と、いつもより堅めの口調で言って部屋を出て行った。


「公私混同も度が過ぎると嫌われるぜ、新行内」

 ニヤニヤしながら言う手塚リーダーは、当然のことながら璃空と柚月の関係も知っている。鷹揚にソファを手で示して「まあ座れ」と言いながら、自分もドッカリとソファに腰を下ろした。


「いつもながら、お前が出してくる情報はぶっ飛んでるねえ」

「昨日のは、本当に偶然です。それにメールにも書きましたが、広実があの映像を見せてくれなければわからなかった。すべて彼のおかげです」

「へーえ、お前が広実を褒めるなんて。何かの前触れかな?ははは、まあそんなに睨むな」

 手塚は璃空が忠士のことを苦手にしているのも知っている。


 手塚は各チームの指揮官一人一人について、家族構成や生い立ちから、独身者なら恋人の有無、趣味や嗜好、性格や考え方の傾向まですべて把握している。

 なぜならチームの指揮官が、バリヤを根底から支えてくれる隊員たちのリーダーだからだ。

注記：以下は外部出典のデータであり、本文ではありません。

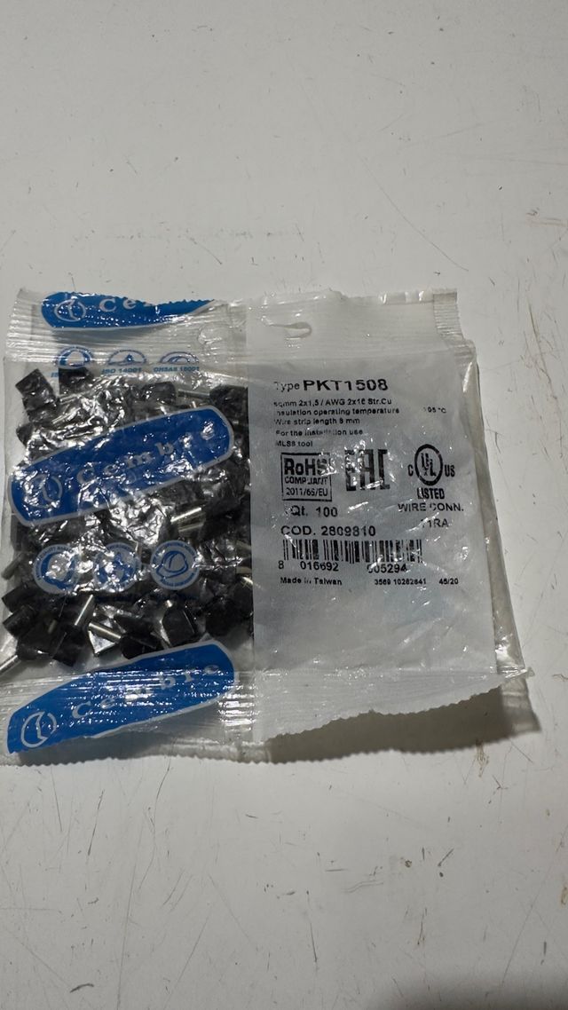 Bolsa de punteras dobles huecas Cembre. - Tipo PKT1508 - Sección: 2.5 mm² (AWG 14) - Cantidad: 100 unidades - Sin abrir

 彼らチームの指揮官は、手塚と同じようにチームの人間のことはだいたい把握しているだろう。が、人が集まれば良いこともあれば、悪いことも起こる。そういう時に事を収めるのが責任者の役目ではあるが、そういつも上手くいくとは限らない。


 問題を抱えてしまった時に、本人がどんな状態になるかも千差万別。

 無口になる奴、反対に饒舌になる奴。手塚はそれらに常に気を配り、問題が大きくなる前にちょっとしたアドバイスをしてくれるのだ。

 もちろん最終的な決断は、責任者が考えて下せるようにして。


 仕事についても手塚は決して自分の威厳を振り回すようなことはしない。かなり自由に立ち回らせてくれるし、失敗してもとがめず、上からの苦言は事前に身体を張って食い止め、なぜこうなったのかを考えるように言われる。

 反面、成果を出したときはこちらが照れるほど大いに褒めてくれる。

 とにかく男気にあふれた頼りがいのある上司である。